Count Ivan A. Kuskov |
On March 15 1812, Ivan A. Kuskov aboard the brig Chirikov sailed into a bay he had named Rumiantsev, after the Russian Minister of Commerce, and is now known as Bodega Bay in California. Kuskov brought with him 20 Russians and 80 Aleutian natives from Alaska. They journeyed some 24 kilometres north to set up a settlement that was named Fort Ross after the Russian word rus or ros.
The settlement extended the reach of Russia into the North American continent continuing an expansion that had begun in 1741 with the settlement of Alaska. Fort Ross was one of a number of posts that represented the southernmost reach of this expansion. Fort Ross was supposed to provide food for the Alaskan colonists and also a new area for otter hunting.
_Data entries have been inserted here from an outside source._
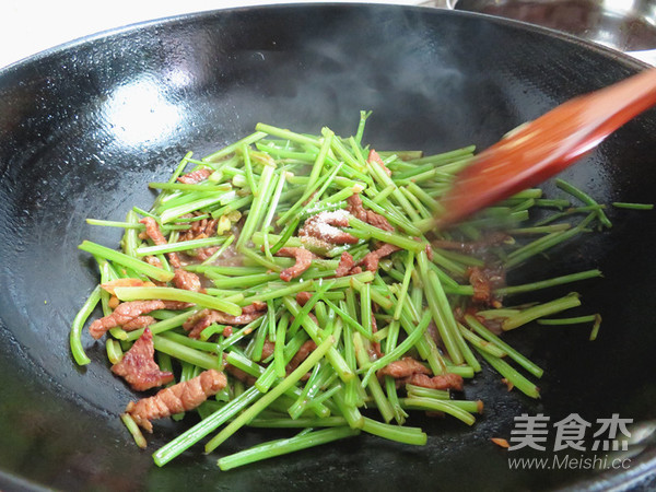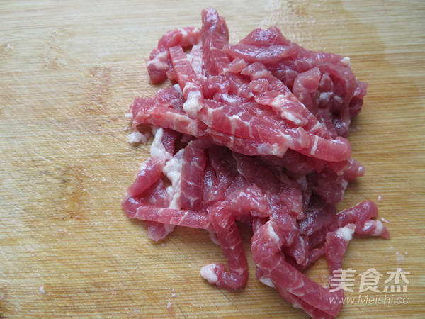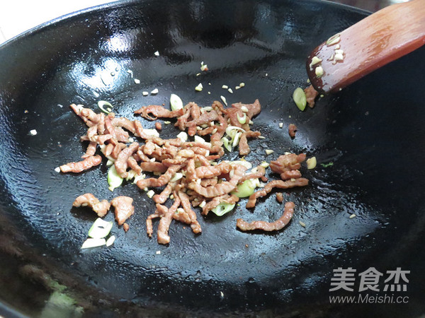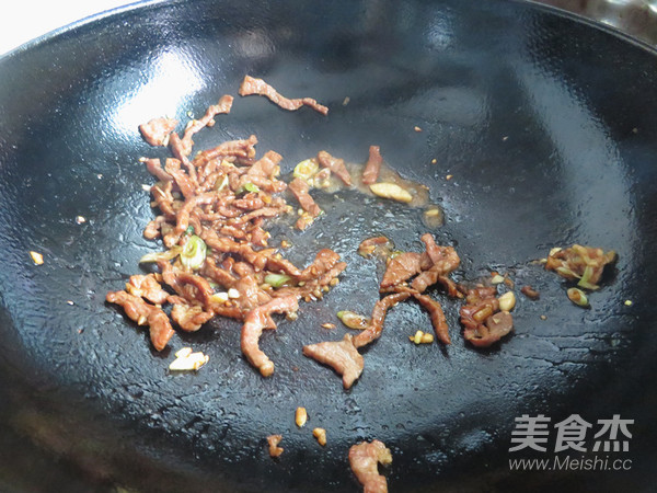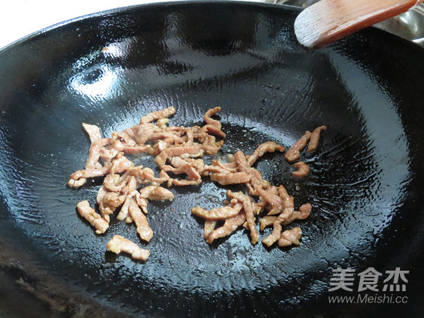 鍋中加油燒熱后放入肉絲煸炒至變色斷生
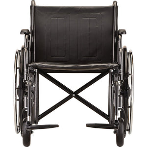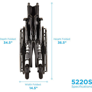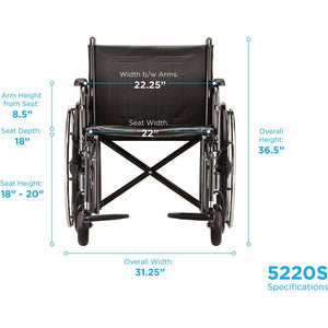 The Steel Wheelchair 22" (5220S) is a robust and versatile mobility solution designed for comfort and convenience. Equipped with detachable and reversible desk arms and swing away footrests, this wheelchair offers excellent adaptability for various user needs. Its dual axle positions allow for quick seat height conversion, while the flame retardant black vinyl upholstery ensures durability and safety.
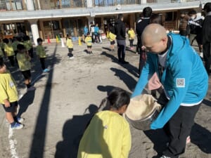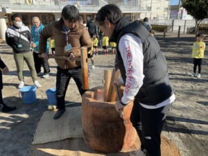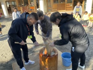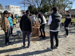 年末恒例の行事「もちつき」が行われました。寒い朝になりましたが、良く晴れて、冬の青空の下で、みんな頑張ってお餅をつく体験が出来ました。今年は例年以上におやじの会のお父さんたちの参加率が高く、大変助かりました。
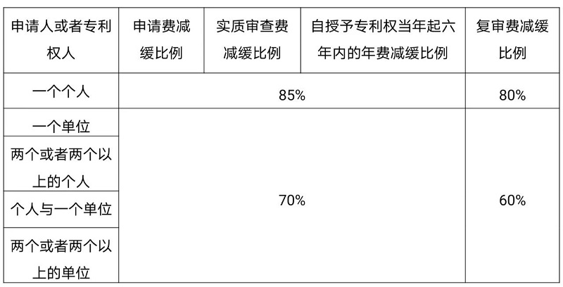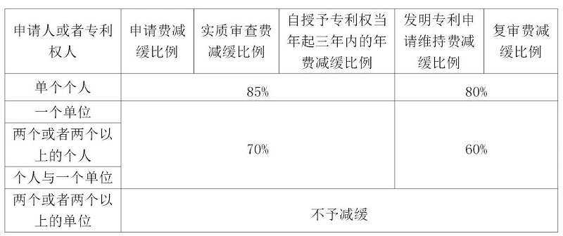 表1 局令第39號(hào)中規(guī)定的專(zhuān)利費(fèi)用減緩的類(lèi)別和減緩比例表
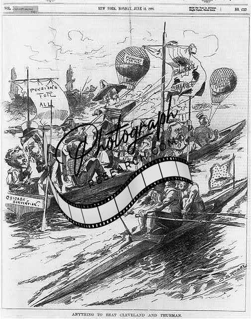 Political Cartoon,Benjamin Harrison,Cleveland,Thruman,Chicago Convention,1888
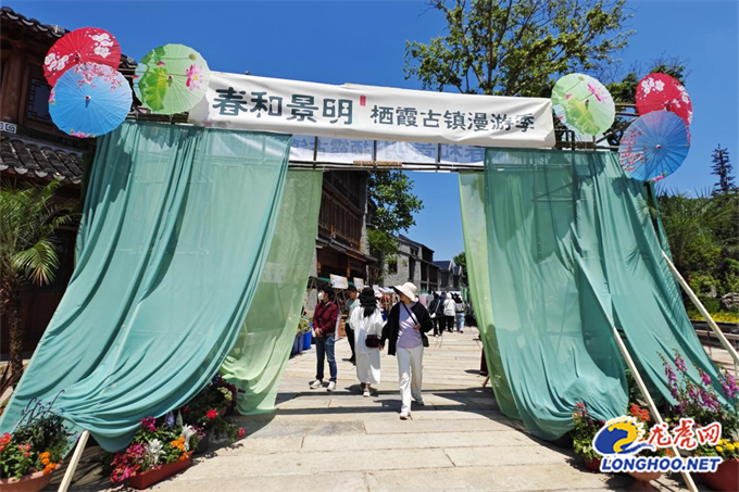 除中医药文化体验之外,栖霞山古镇庙会也热闹非凡。走进古镇,憨态可掬的“栖小喵”跃然于建筑之上,南牌坊的鲜花造景引得游客驻足欣赏,九乡河边“等风来”的空飘也成了栖霞古镇的新看点。
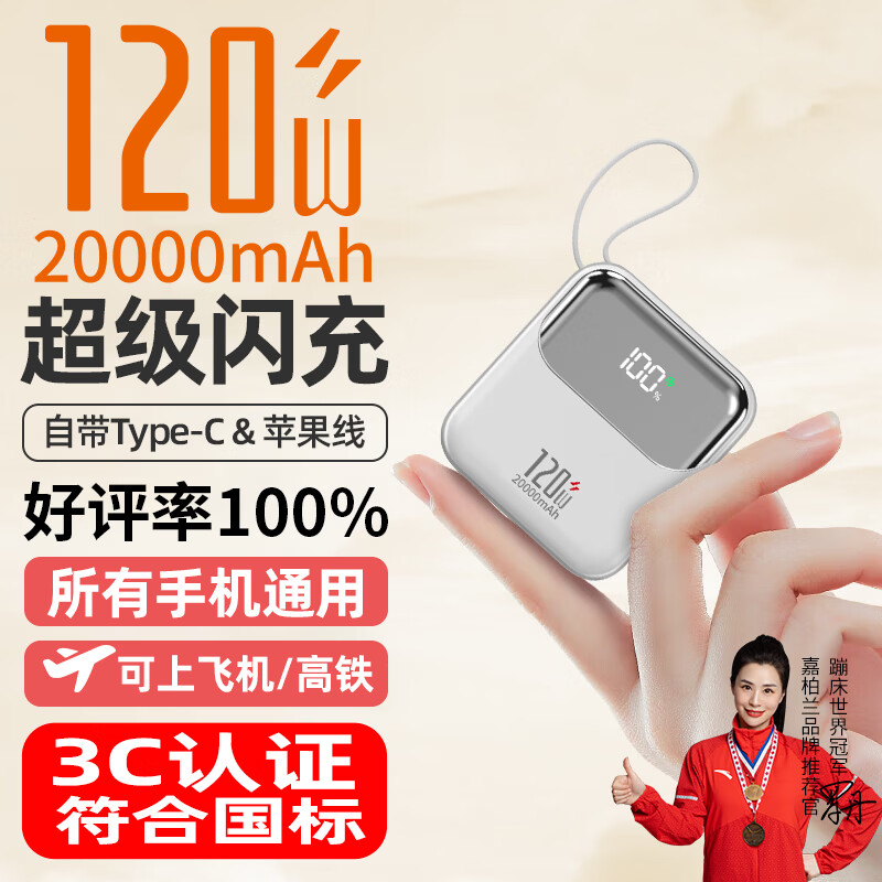 嘉柏兰【国家3C认证丨20000毫安】充电宝适用小米120W超级快充大容量可上飞机自带线移动电源小巧便携 【尊享版2万毫安】自带双线+120W超级快充
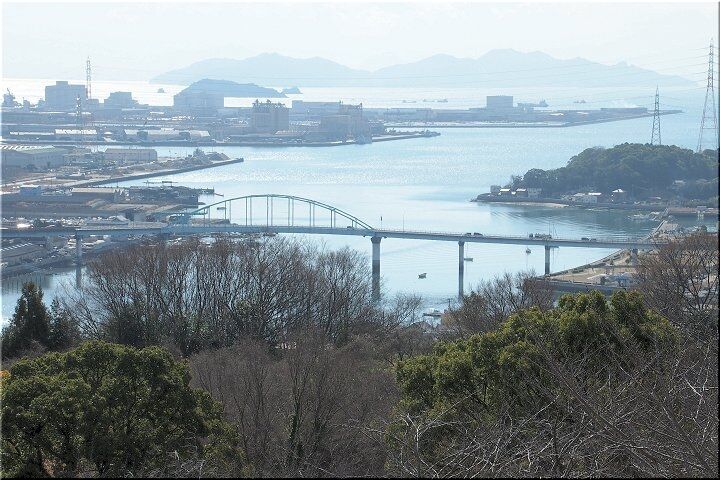 水玉ブリッジライン玉島大橋(通称源平大橋)。写真左側(乙島)に源氏軍、右側(柏島)に平家軍が陣を構えました。
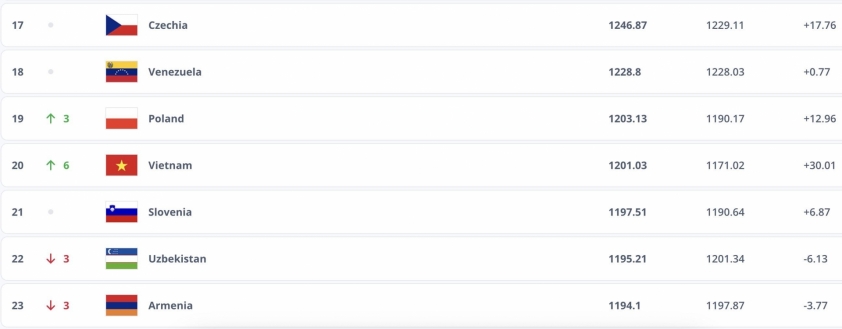 Theo BXH FIFA futsal chính thức mới được LĐBĐ Thế giới cập nhật, ĐT futsal Việt Nam tăng tới 6 bậc, leo 1 mạch từ vị trí 26 lên top 20 thế giới. Thầy trò HLV Diego Giustozzi được cộng tới +30.01 điểm, tăng từ 1171.02 lên 1201.03 điểm. Đây là thành rất ấn tượng của ĐT futsal Việt Nam.
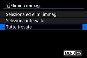 - Selezionando [Tutte trovate], tutte le immagini filtrate in base alle condizioni di ricerca verranno eliminate.
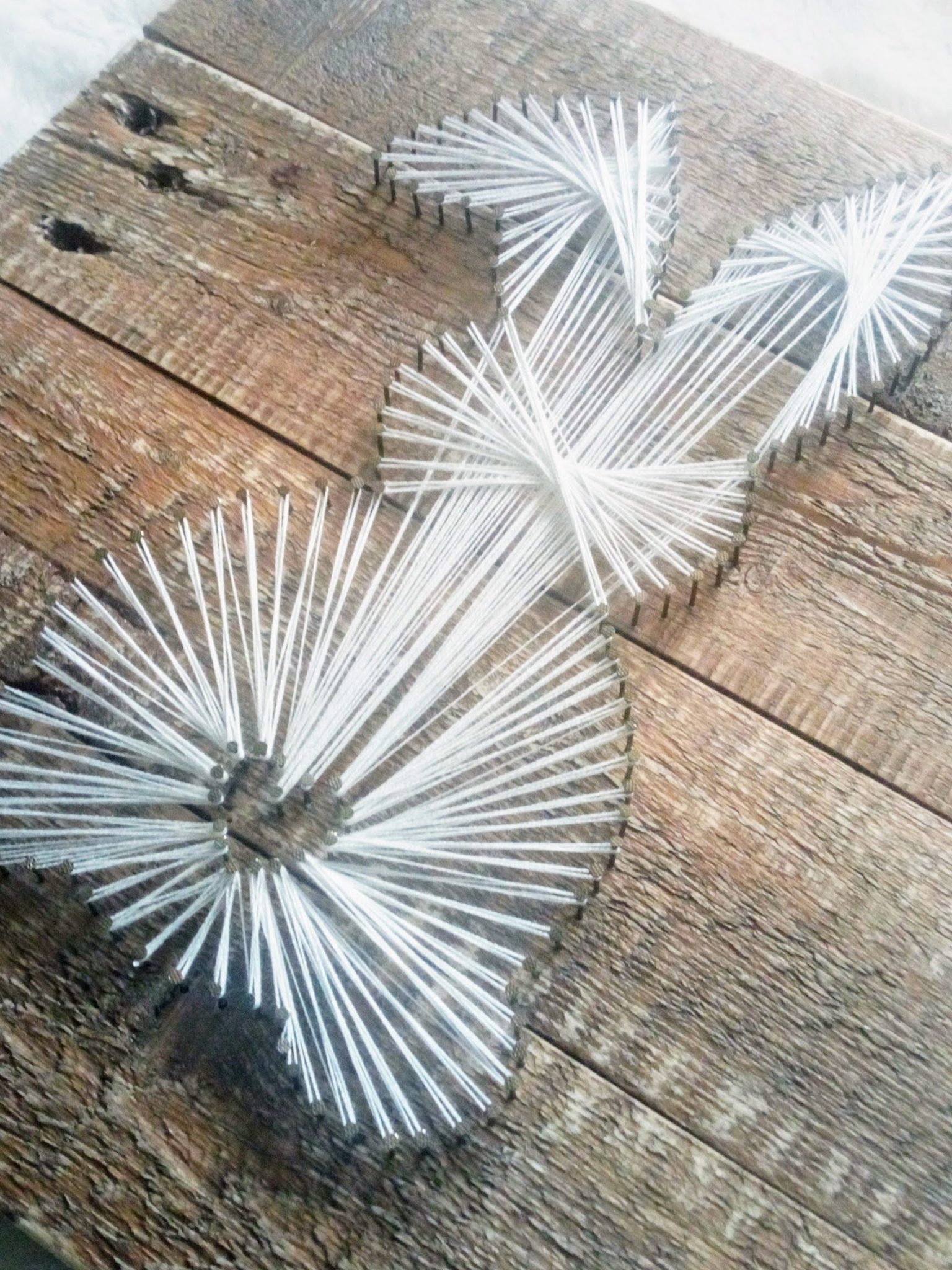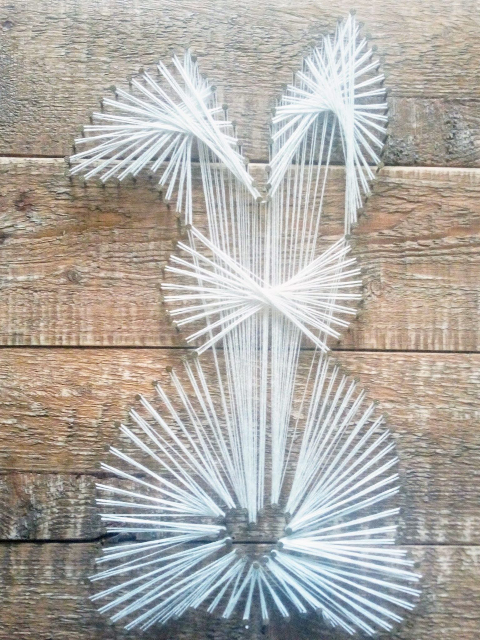 Dit lieve String-art paaskonijntje is vereeuwigd op pallethout, gebeitst en “oud” geschuurd. Het kan staan maar ook opgehangen worden.
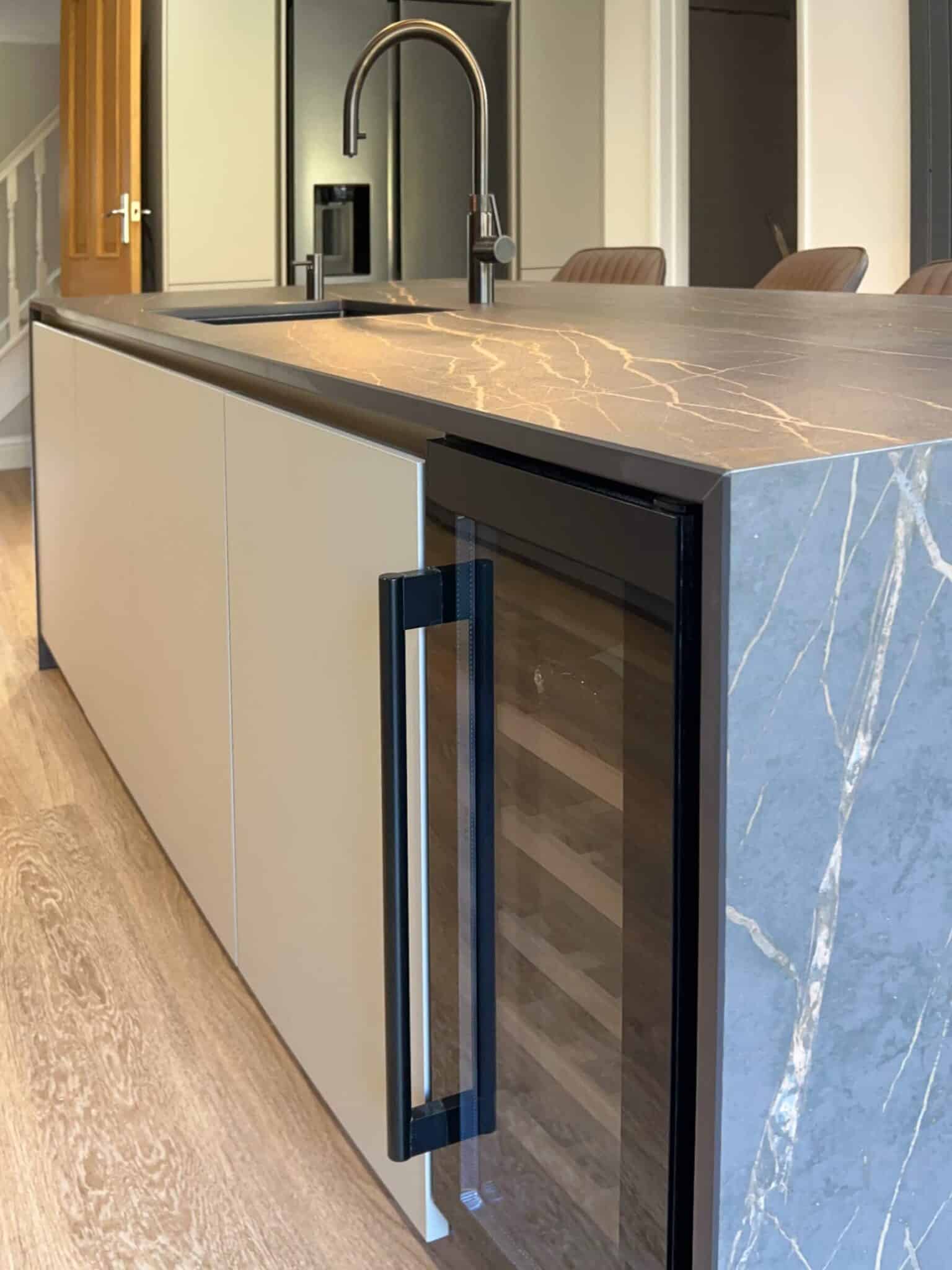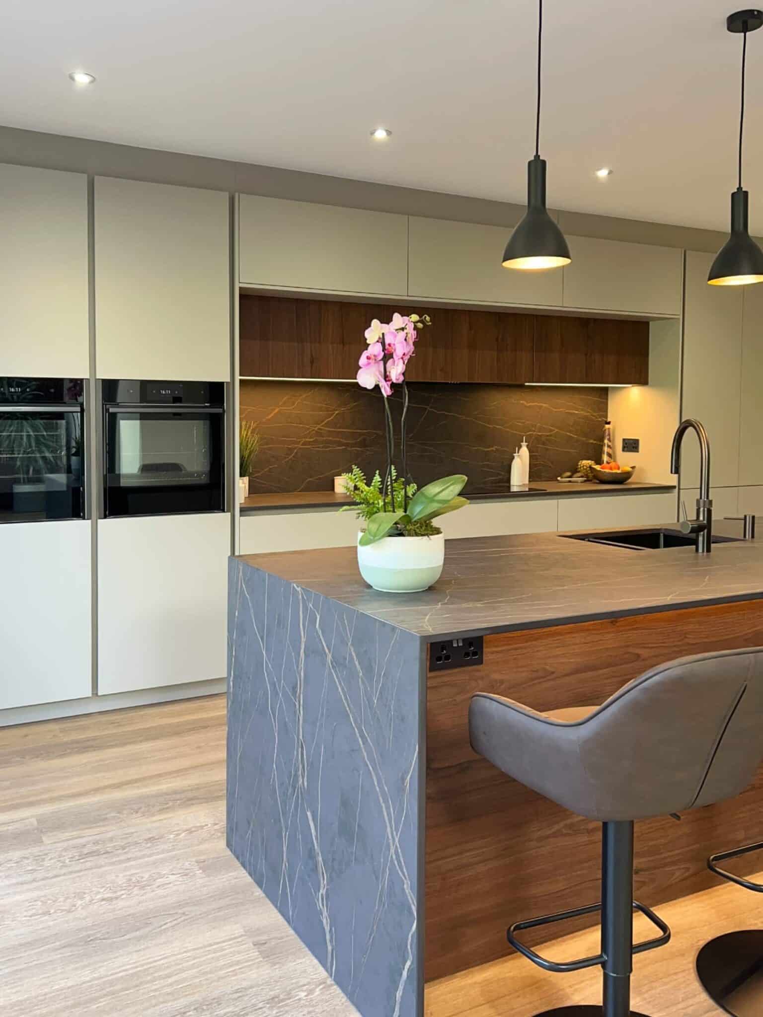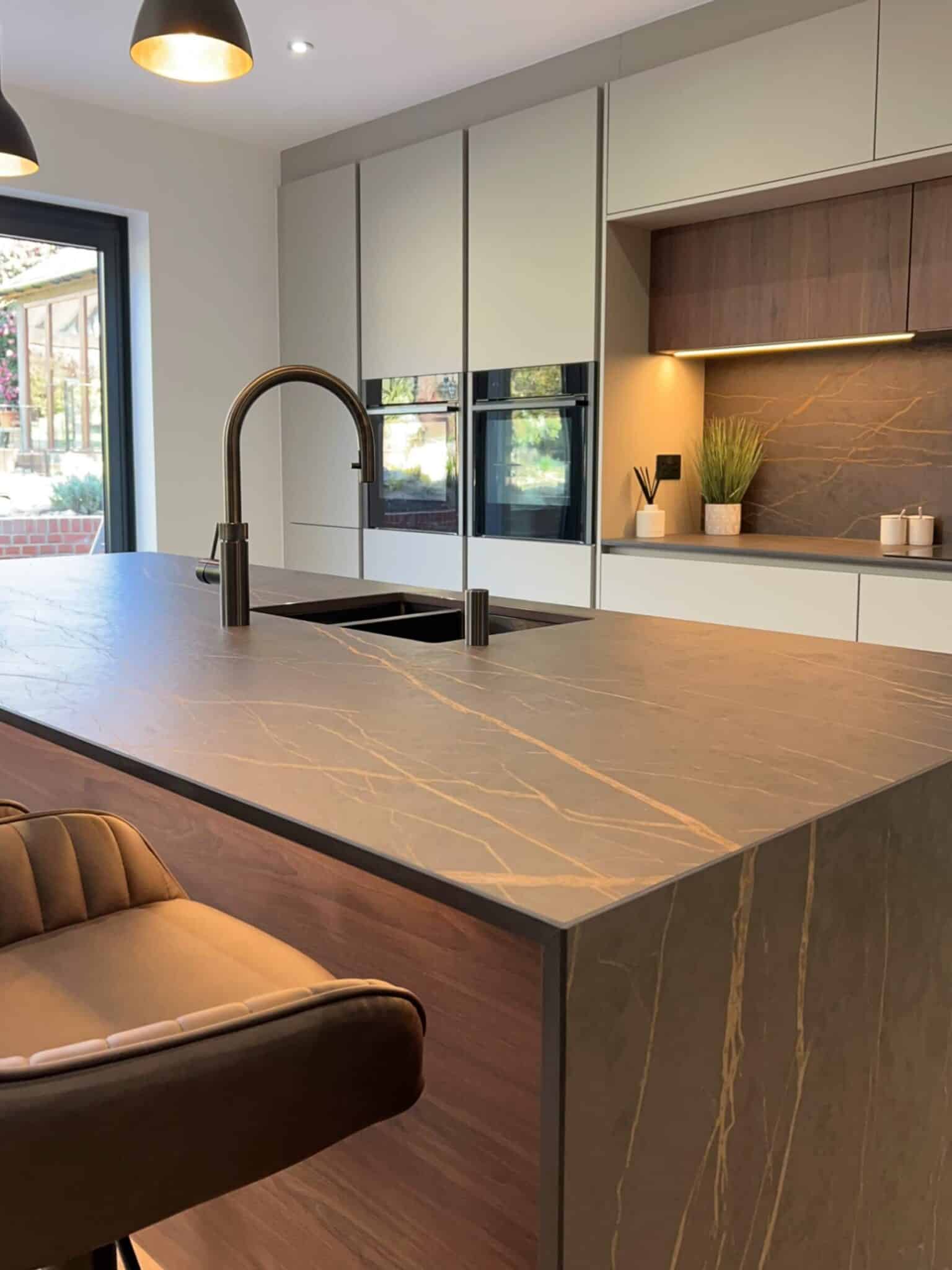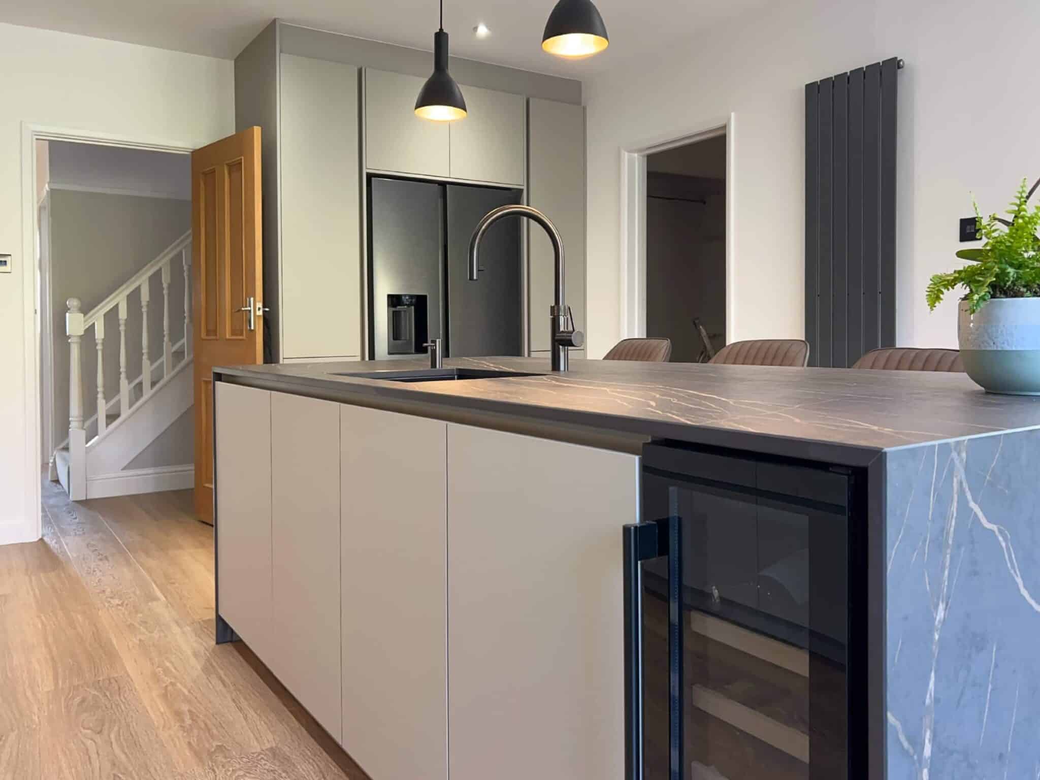 Dekton Laurent worktops run throughout, including a mitred island end panel and full cladding, adding a sense of continuity and a subtle, considered finish.

The settlement was not a success. The sea otters were hunted near extinction. Farming proved difficult. There were tensions between the Russian settlers and American and Spanish settlers. Finally, in 1841 the fort was sold to John Sutter, a German-Swiss immigrant. Sutter bought Fort Ross with an unsecured note for the sum of $30,000, which according to some was never paid. Sutter took supplies from Fort Ross to his own colony in the Sacramento Valley. It was in this other settlement, seven years later, that on the morning of January 24, 1848, a carpenter named James Marshall, building a sawmill on the American River for Sutter, examined the channel below the mill and noticed some shiny flecks that turned out to be gold. Sutter tried to keep the discovery quiet but the word got out and the California Gold Rush had begun. Sutter's employees left him and, what had been a thriving settlement, deteriorated so that when John Sutter died in 1880 he was bankrupt.